Travolta da Stoccolma

Cartolina da Stoccolma, Giugno 2014

Gamla Stan - Stoccolma, Giugno 2014
Bambini sull'albero - Stoccolma, Svezia - Giugno 2014

Tempo fa mi sono imbattuta in questa frase: non siamo noi a scegliere la terra dove vivere, ma è la terra a scegliere noi.
Ne ho capito il senso la prima volta che sono stata a Stoccolma e ho riprovato la stessa sensazione, arrivandoci a giugno per la seconda volta: questa città sta a Sara come la scarpetta di cristallo sta a Cenerentola, calza a pennello.
Adoro tutto di lei. Adoro i parchi curatissimi dove la gente si sdraia per leggere, fare un picnic o lezioni mattutine di stretching. Adoro la città in fermento, tutta musei, spettacoli e mostre. A proposito, chi è appassionato di fotografia non può perdersi Fotografiska, uno dei più grandi musei di fotografia moderna al mondo. Comodissimo da raggiungere, anche con i battelli turistici “Hop on hop off” che includono nelle loro fermate anche questa imperdibile tappa. Noi siamo stati super fortunati: era in corso la mostra del progetto Genesis di Sebastiao Salgado.
E poi ancora, adoro gli svedesi, sempre cordiali e sorridenti. Adoro la città pulita e funzionale, i servizi efficienti che ruotano intorno alla persona. Adoro le serate luminose quando il sole non ne vuole sapere di tramontare. Adoro i palazzi colorati, le isolette che sembrano finte tanto sono belle. Adoro le biciclette e lo stile di vita ecofriendly.
Per i celiaci nessun problema: ogni locale o pasticceria ha disponibile prodotti gluten free.
Qualche chicca imperdibile:
– il giro con il battello.
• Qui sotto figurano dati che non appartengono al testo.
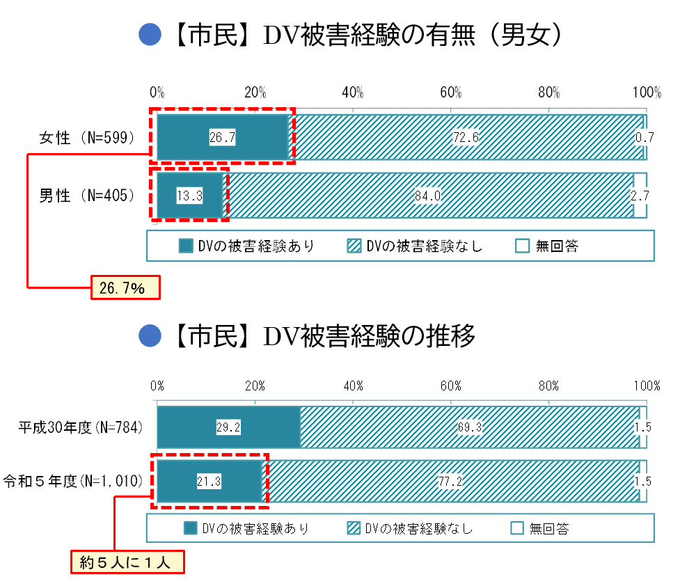 - 「DVは特別な人に起こることで、自分には関係ない」と感じる人もいるかもしれません。しかし、豊田市が令和5年度に行った調査結果では、DVの被害経験は女性が26.7%(全国は25.1%)で全国平均を上回っています。また、市民の約5人に1人は配偶者から身体的暴力を受けています

Ad esempio, la compagnia “Hop on hop off” ferma ogni 15 minuti e fa stop nei punti più suggestivi
– isola di Skeppsholmen dove, tra l’altro, si trova un hotel carinissimo che si chiama Skeppsholmen Hotel www.hotelskeppsholmen.se/it
– isola di Djurgarden in cui trovate un parco meraviglioso, il museo Vasa e il Nordiska Museet
– Gamla Stan, la città vecchia
– le vie dello shopping: Vasterlangattan che continua in Drottninggatan
– i mercati coperti (ad es. quartiere di Ostermal) che offrono del prelibato salmone appena pescato
– il quartiere di SoFo, la SoHo di Svezia, caratterizzato da viuzze colme di negozi, bar e ristoranti.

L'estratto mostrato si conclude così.